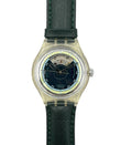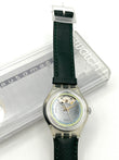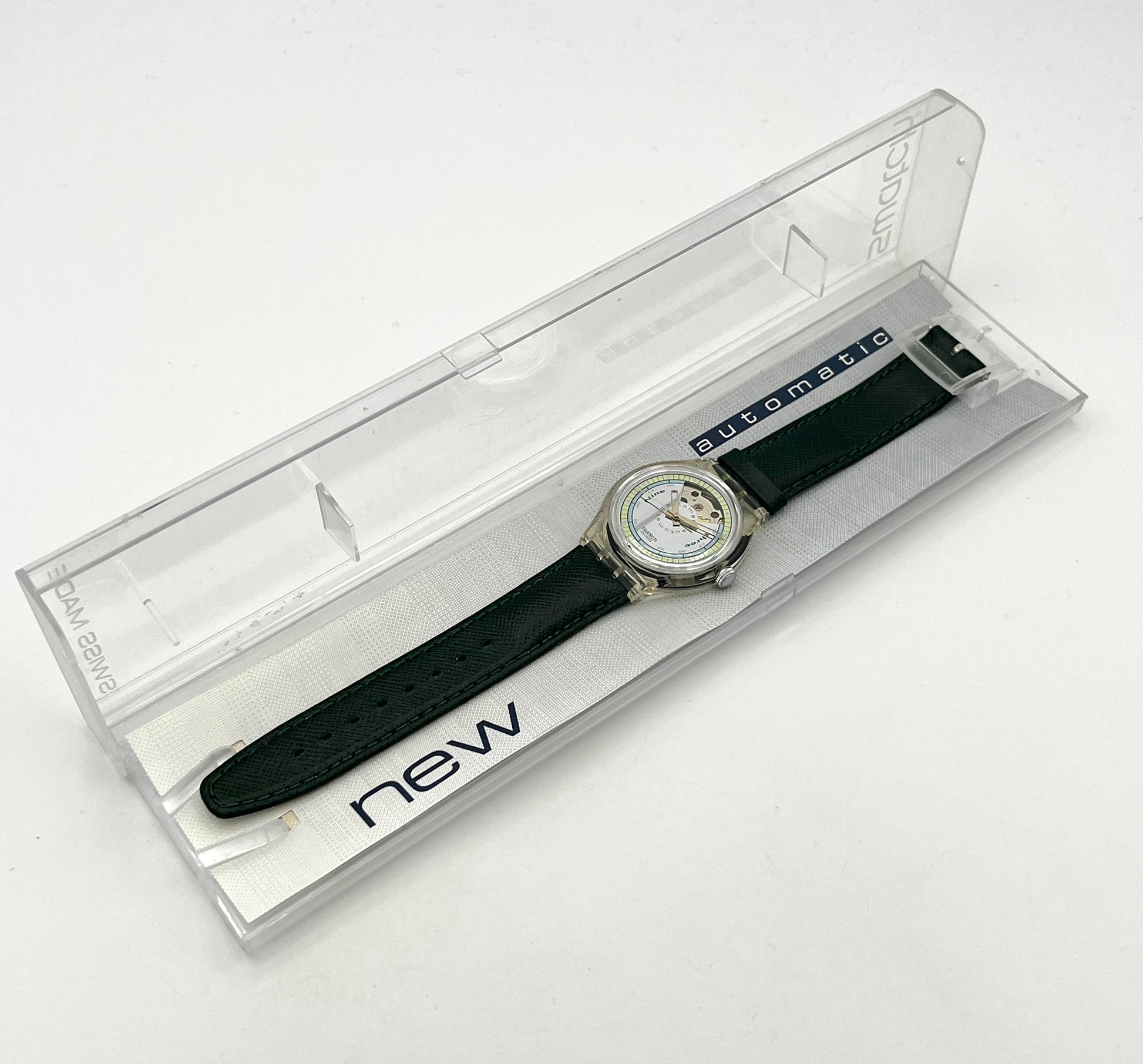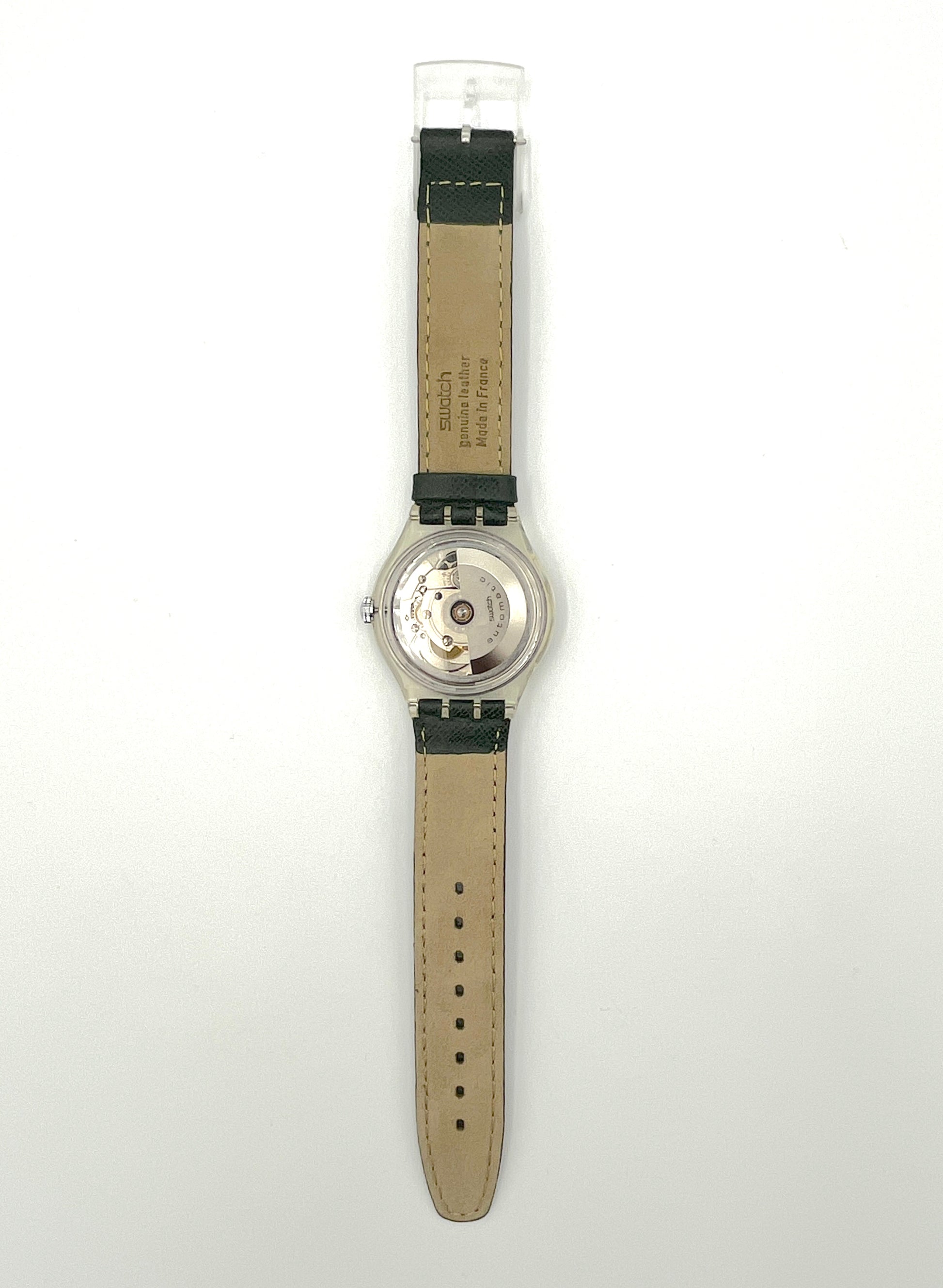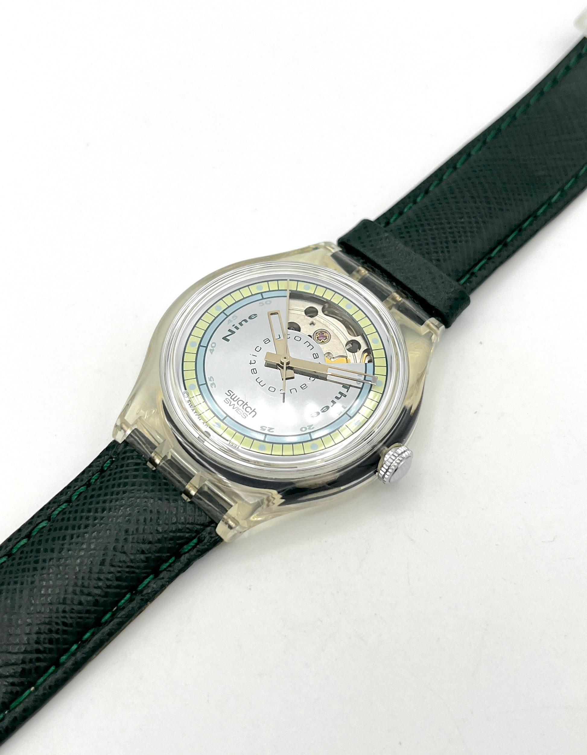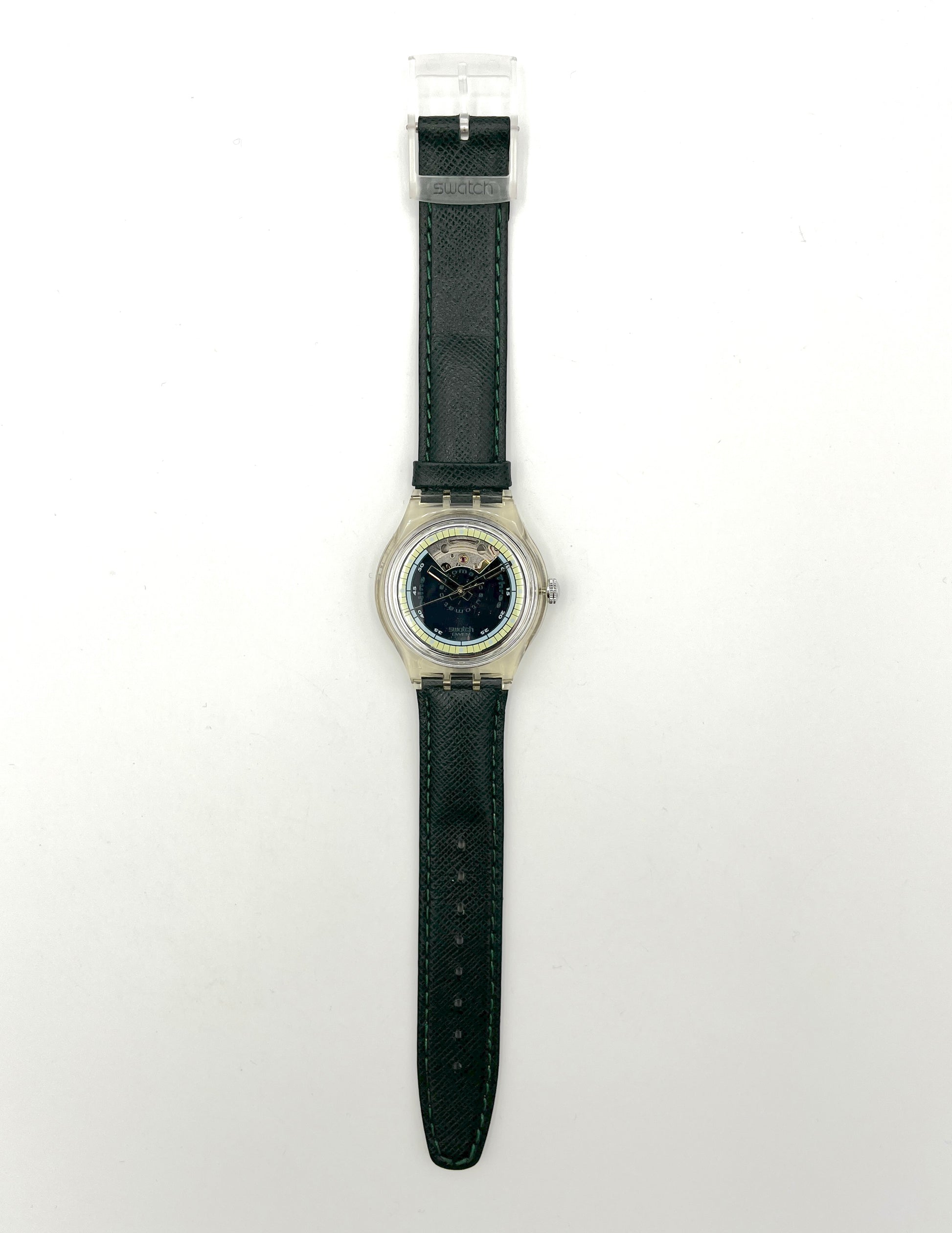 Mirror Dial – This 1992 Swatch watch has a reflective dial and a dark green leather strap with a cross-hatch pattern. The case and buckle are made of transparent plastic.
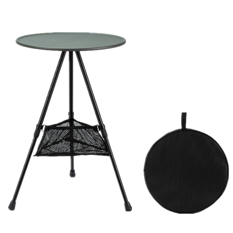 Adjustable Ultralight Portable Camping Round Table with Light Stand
...
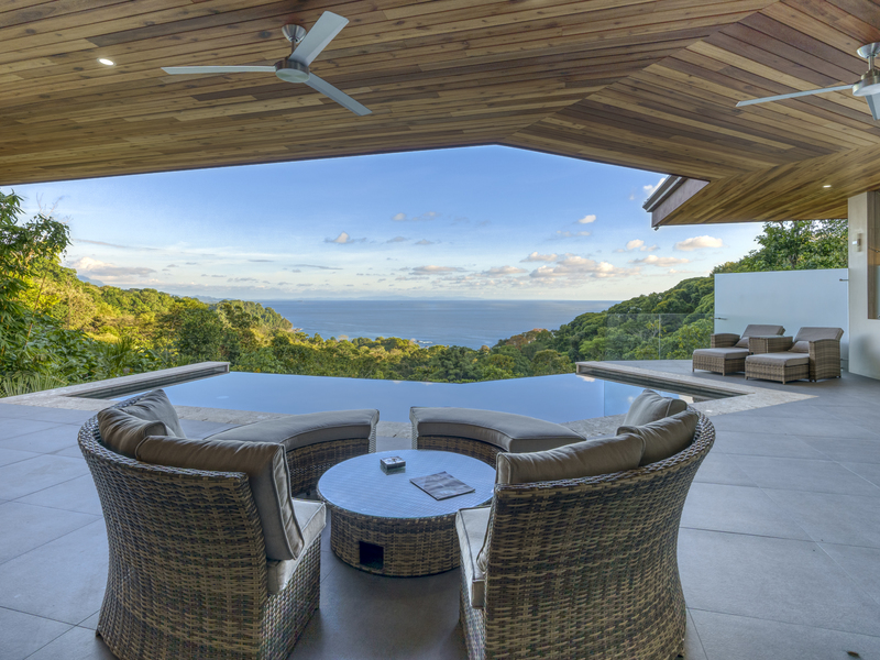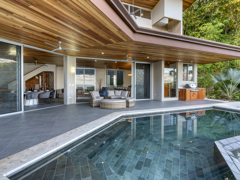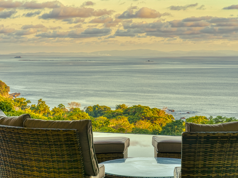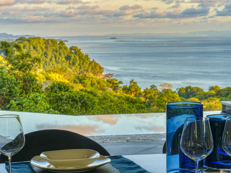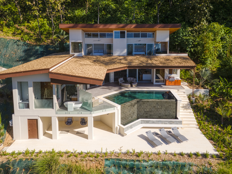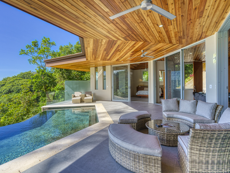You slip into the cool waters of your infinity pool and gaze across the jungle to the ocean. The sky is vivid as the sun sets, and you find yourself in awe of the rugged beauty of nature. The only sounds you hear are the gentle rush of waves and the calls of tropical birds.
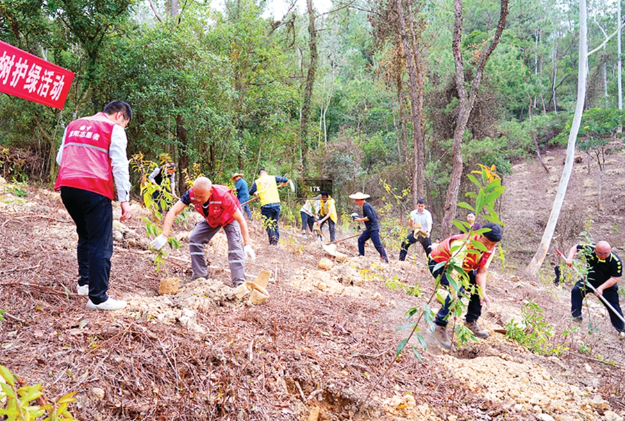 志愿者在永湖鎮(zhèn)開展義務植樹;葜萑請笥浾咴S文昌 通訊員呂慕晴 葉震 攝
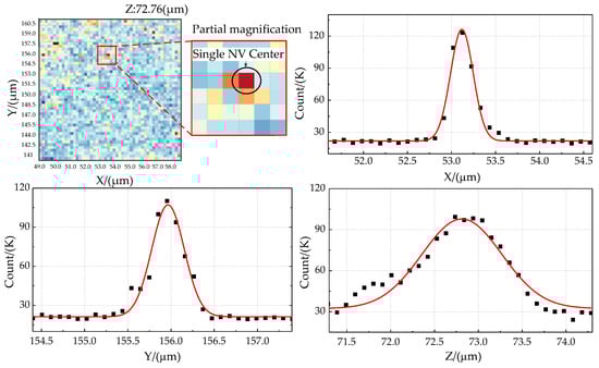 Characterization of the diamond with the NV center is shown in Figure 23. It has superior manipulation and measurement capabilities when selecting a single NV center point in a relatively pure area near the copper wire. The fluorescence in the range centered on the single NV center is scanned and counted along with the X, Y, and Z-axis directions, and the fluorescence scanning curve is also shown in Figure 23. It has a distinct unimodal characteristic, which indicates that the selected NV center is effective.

→ **Task to carry out**:
Using the entries above, write out exactly the lines from the one with "Mirror Dial –" through the one with "Adjustable Ultralight Portable", ends included. Leave out any pictures.

→ **Result of the exercise**:
 Mirror Dial – This 1992 Swatch watch has a reflective dial and a dark green leather strap with a cross-hatch pattern. The case and buckle are made of transparent plastic.
 Adjustable Ultralight Portable Camping Round Table with Light Stand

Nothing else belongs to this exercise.